### Aim of the exercise
The task calls for an exact retyping of the lines from the one holding "Jornalista Joyce de" through the end of the listing, with pictures omitted and nothing added.

### Information shown
=-=-=

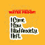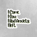 😅 Keep it real and get your I Came, I Saw, I Had Anxiety, I Left Sticker today! 🚶♀️
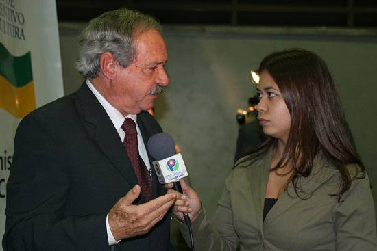 Jornalista Joyce de Castro entrevista para a TV Pólo o prefeito de Cubatão, Clermont Castor, no lançamento do livro da Agenda 21 Cubatão 2020, em 31 de agosto de 2006
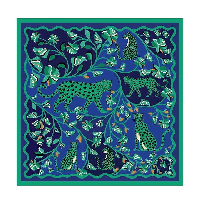 Jessie Zhao New York Double Sided Silk Scarf Jungle Party

=-=-=

### The answer
 Jornalista Joyce de Castro entrevista para a TV Pólo o prefeito de Cubatão, Clermont Castor, no lançamento do livro da Agenda 21 Cubatão 2020, em 31 de agosto de 2006
 Jessie Zhao New York Double Sided Silk Scarf Jungle Party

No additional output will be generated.